# WHAT THE EXERCISE ASKS
Give the listing again word for word. Leave every image out.

# DATASET SECTION

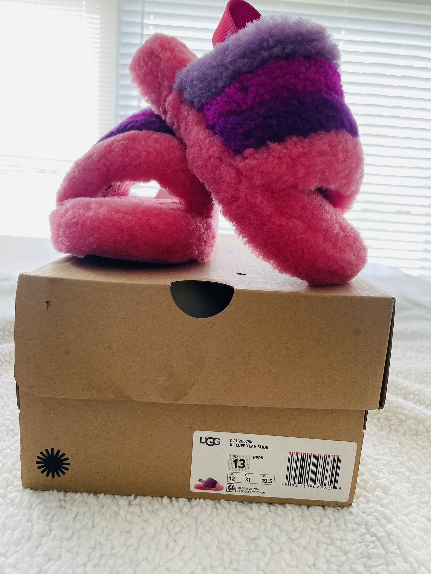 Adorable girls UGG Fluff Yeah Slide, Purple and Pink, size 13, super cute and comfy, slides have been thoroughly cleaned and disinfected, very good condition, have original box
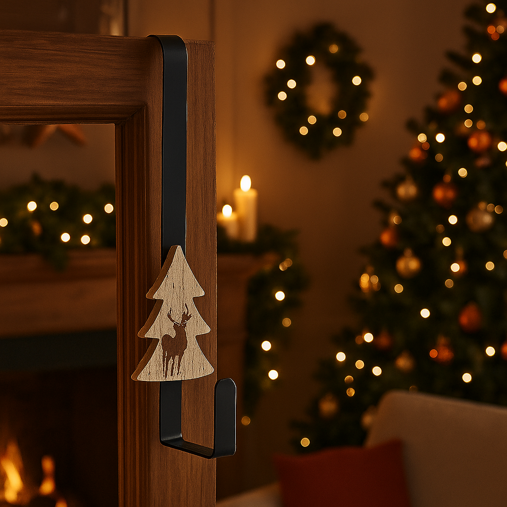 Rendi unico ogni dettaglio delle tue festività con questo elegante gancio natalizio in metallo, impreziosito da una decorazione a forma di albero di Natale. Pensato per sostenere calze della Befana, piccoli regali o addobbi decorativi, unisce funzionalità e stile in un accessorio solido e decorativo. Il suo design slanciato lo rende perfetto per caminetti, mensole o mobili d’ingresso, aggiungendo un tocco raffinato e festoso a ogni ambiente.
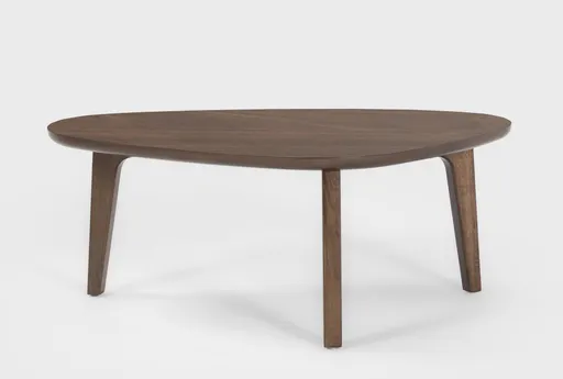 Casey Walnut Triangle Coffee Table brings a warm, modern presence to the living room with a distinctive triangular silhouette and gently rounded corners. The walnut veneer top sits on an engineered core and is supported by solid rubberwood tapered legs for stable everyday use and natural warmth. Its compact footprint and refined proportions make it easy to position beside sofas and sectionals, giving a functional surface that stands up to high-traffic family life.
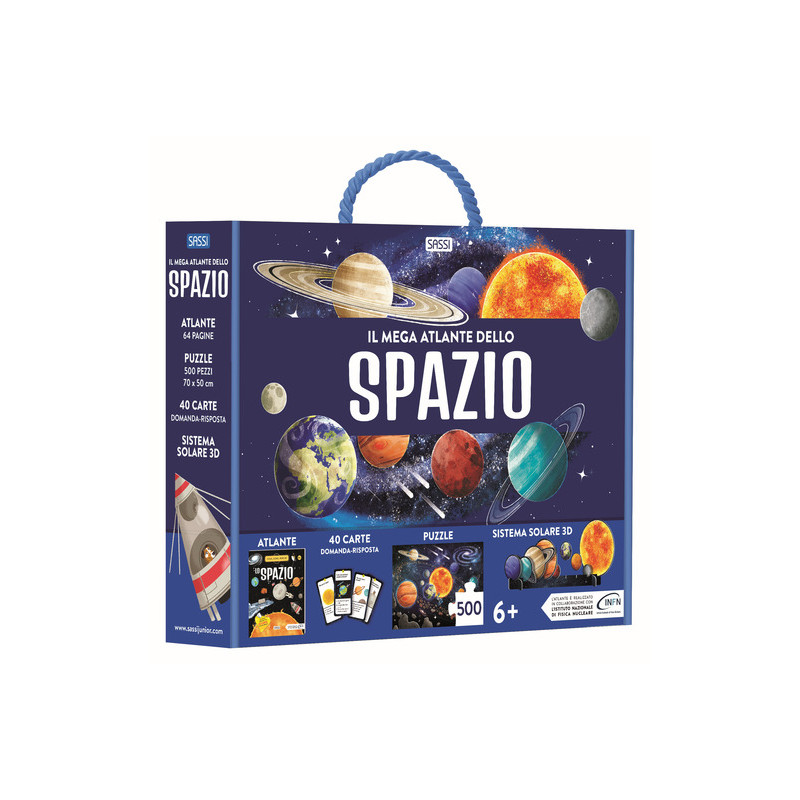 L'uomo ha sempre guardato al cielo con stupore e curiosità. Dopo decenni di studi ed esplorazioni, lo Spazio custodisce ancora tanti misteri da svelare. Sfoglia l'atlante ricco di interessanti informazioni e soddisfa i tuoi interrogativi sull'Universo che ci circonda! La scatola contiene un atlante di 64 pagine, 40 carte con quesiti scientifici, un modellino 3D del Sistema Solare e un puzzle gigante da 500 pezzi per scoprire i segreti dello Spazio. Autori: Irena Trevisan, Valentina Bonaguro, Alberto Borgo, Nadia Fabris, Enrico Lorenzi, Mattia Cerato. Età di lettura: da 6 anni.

# THE ANSWER
 Adorable girls UGG Fluff Yeah Slide, Purple and Pink, size 13, super cute and comfy, slides have been thoroughly cleaned and disinfected, very good condition, have original box
 Rendi unico ogni dettaglio delle tue festività con questo elegante gancio natalizio in metallo, impreziosito da una decorazione a forma di albero di Natale. Pensato per sostenere calze della Befana, piccoli regali o addobbi decorativi, unisce funzionalità e stile in un accessorio solido e decorativo. Il suo design slanciato lo rende perfetto per caminetti, mensole o mobili d’ingresso, aggiungendo un tocco raffinato e festoso a ogni ambiente.
 Casey Walnut Triangle Coffee Table brings a warm, modern presence to the living room with a distinctive triangular silhouette and gently rounded corners. The walnut veneer top sits on an engineered core and is supported by solid rubberwood tapered legs for stable everyday use and natural warmth. Its compact footprint and refined proportions make it easy to position beside sofas and sectionals, giving a functional surface that stands up to high-traffic family life.
 L'uomo ha sempre guardato al cielo con stupore e curiosità. Dopo decenni di studi ed esplorazioni, lo Spazio custodisce ancora tanti misteri da svelare. Sfoglia l'atlante ricco di interessanti informazioni e soddisfa i tuoi interrogativi sull'Universo che ci circonda! La scatola contiene un atlante di 64 pagine, 40 carte con quesiti scientifici, un modellino 3D del Sistema Solare e un puzzle gigante da 500 pezzi per scoprire i segreti dello Spazio. Autori: Irena Trevisan, Valentina Bonaguro, Alberto Borgo, Nadia Fabris, Enrico Lorenzi, Mattia Cerato. Età di lettura: da 6 anni.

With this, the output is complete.